Tuesday, December 23, 2014

John Bude’s The Lake District Murder

John Bude’s first mystery, The Cornish Coast Murder, appeared in 1935 with The Lake District Murder following later the same year. The Lake District Murder is a solid example of the golden age style and owes a very considerable debt to Freeman Wills Crofts.

Jack Clayton is a cheerful young man who seems to have everything to live for. He runs a reasonably profitable garage and he is about to be married. It therefore comes as something of a surprise when a local farmer discovers Jack Clayton’s body and appearances point towards suicide. He was sitting at the wheel of a car with the engine running and with a hosepipe running from the vehicle’s exhaust. The car is in a shed with the door shut. It’s about as obvious a suicide as you’re likely to find.

To Inspector Meredith matters don’t seem quite so obvious. If Clayton wanted to commit suicide why did he have his lunch ready on the table and the kettle boiling? People do not generally decide to make themselves a nice pot of tea and then halfway through change their mind and kill themselves instead.

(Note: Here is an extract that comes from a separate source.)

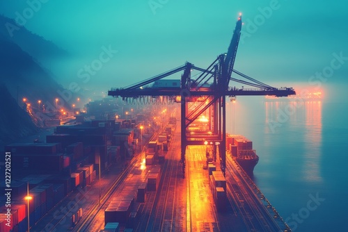 Containers and cranes at a busy port during twilight with foggy atmosphere and glowing lights reflecting on the water
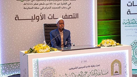 جاء ذلك خلال الدورة الـ «42»، لمسابقة الملك عبدالعزيز الدولية لحفظ القرآن الكريم وتلاوته وتفسيره وتم الاستماع للمتسابقين على فترتين (صباحية ومسائية) بمقر تنظيم المسابقة في أحد الفنادق بجوار بيت الله الحرام.

While Meredith suspects murder he cannot as yet prove it, much less set about finding the murderer. There is one obvious suspect, Clayton’s partner in the garage business, but the man has a rock solid alibi.

Other curious facts soon come to light. Clayton has a good deal of money deposited in a bank account, too much money to be accounted for by his modestly successful business. His partner Higgins has been spending money very freely indeed. It occurs to Inspector Meredith that these two men must have had another source of income and that this additional income might well be the proceeds of some kind of illegal activity.

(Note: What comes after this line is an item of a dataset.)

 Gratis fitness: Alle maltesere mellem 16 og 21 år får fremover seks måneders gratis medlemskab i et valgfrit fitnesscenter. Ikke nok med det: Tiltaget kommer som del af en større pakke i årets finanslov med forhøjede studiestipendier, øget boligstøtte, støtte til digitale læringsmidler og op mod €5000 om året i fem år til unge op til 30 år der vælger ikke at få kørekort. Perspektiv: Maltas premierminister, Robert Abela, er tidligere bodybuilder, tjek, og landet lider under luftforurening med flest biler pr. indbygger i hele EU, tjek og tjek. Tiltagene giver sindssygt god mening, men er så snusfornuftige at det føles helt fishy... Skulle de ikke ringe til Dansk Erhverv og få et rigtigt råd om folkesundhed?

Meredith will eventually uncover a rather extraordinary criminal operation. His investigations will be directed as much towards this criminal operation as towards the murder.

The Lake District Murder is very much in the style of the mysteries of Freeman Wills Crofts, the pioneer of the police procedural. The focus is on the painstaking routine police work of Inspector Meredith as he follows a whole series of leads, many of which turn out to be dead ends. Inspector Meredith is, like Crofts’ Inspector French, a somewhat colourless character but a determined and dedicated police officer who never gives up. 

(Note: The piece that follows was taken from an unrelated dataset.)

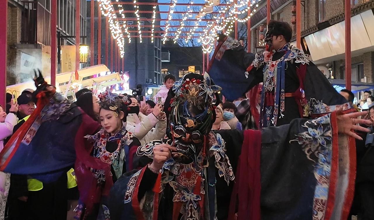 面具翻飞、舞步铿锵,演员们在新年的烟火气中生动演绎着祈愿风调雨顺、五谷丰登的古老传统。

It doesn’t take Meredith long to establish the likely identity of the killer. The novel is concerned mostly with the process of finding the evidence to justify an arrest and in order to do this Meredith must first find out how and why Clayton was killed. So the book is more of a howdunit and a whydunit than a whodunit. While this book follows the basic template established by Crofts there is one crucial difference. Crofts was not only able to describe the course of Inspector French’s investigations in intricate detail he was also able to throw in a series of plot twists that left the identity of the murderer in doubt until the end of the book. In other words Crofts wrote detective novels that focused on the who as well as the how and the why. Bude is interested only in the how and the why. This makes Bude’s novel not quite as entertaining as the best of Crofts’ work such as Inspector French and the Starvel Tragedy, Inspector French's Greatest Case or The Sea Mystery.

Having made this point it needs to be said in his defence that Bude handles the how and the why with considerable skill and ingenuity. He also uses the unbreakable alibi motif quite adroitly.

The setting is also used cleverly. While critics often accuse golden age detective fiction of an obsession with country houses and the doings of the upper classes that accusation cannot be made of this novel. Inspector Meredith’s inquiries take him to seedy lodging houses, isolated country garages and pubs rather than country houses.

While The Lake District Murder cannot be considered as being in the front rank of golden age detective stories it’s a thoroughly enjoyable and well-crafted mystery and fans of the genre have cause to thank the British Library for bringing the works of this obscure mystery writer back into print in their excellent Crime Classics series. Warmly recommended.